=== THE DATA ===
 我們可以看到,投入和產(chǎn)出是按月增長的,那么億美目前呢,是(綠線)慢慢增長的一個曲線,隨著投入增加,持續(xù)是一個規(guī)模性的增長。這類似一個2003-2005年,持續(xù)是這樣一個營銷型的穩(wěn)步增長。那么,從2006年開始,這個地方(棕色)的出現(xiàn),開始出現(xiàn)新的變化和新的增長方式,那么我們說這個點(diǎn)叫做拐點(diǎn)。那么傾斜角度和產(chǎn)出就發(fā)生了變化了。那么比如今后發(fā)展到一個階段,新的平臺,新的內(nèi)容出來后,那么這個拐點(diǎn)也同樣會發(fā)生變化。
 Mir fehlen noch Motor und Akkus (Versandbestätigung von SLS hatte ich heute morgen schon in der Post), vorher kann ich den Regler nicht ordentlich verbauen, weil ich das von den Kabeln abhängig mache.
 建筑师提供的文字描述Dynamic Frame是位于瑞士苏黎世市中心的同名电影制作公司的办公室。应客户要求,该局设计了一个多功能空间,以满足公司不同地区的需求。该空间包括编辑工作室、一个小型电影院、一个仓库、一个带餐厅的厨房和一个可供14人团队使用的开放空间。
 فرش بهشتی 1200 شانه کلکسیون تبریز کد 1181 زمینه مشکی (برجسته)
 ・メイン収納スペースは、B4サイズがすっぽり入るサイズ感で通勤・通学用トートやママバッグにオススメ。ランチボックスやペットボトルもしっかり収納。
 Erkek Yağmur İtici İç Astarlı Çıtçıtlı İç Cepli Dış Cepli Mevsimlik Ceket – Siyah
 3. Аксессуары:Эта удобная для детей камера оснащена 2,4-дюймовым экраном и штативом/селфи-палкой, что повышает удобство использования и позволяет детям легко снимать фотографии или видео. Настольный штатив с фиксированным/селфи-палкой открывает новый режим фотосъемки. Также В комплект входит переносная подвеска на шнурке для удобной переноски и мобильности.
===
=== THE DATA ===
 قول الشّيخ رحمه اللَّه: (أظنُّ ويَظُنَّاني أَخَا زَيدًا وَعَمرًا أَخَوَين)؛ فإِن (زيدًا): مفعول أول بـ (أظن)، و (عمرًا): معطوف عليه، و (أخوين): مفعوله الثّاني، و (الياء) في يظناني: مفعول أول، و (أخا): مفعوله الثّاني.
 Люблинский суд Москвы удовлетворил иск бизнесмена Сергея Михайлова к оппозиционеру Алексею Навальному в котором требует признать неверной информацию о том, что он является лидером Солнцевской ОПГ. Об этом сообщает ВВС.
===
» **WHAT IS REQUIRED**:
Copy out, word for word, the part of the entries above that begins at the line with "فرش بهشتی 1200" and ends at the line with "Erkek Yağmur İtici", including both.

» **RESPONSE AREA**:
 فرش بهشتی 1200 شانه کلکسیون تبریز کد 1181 زمینه مشکی (برجسته)
 ・メイン収納スペースは、B4サイズがすっぽり入るサイズ感で通勤・通学用トートやママバッグにオススメ。ランチボックスやペットボトルもしっかり収納。
 Erkek Yağmur İtici İç Astarlı Çıtçıtlı İç Cepli Dış Cepli Mevsimlik Ceket – Siyah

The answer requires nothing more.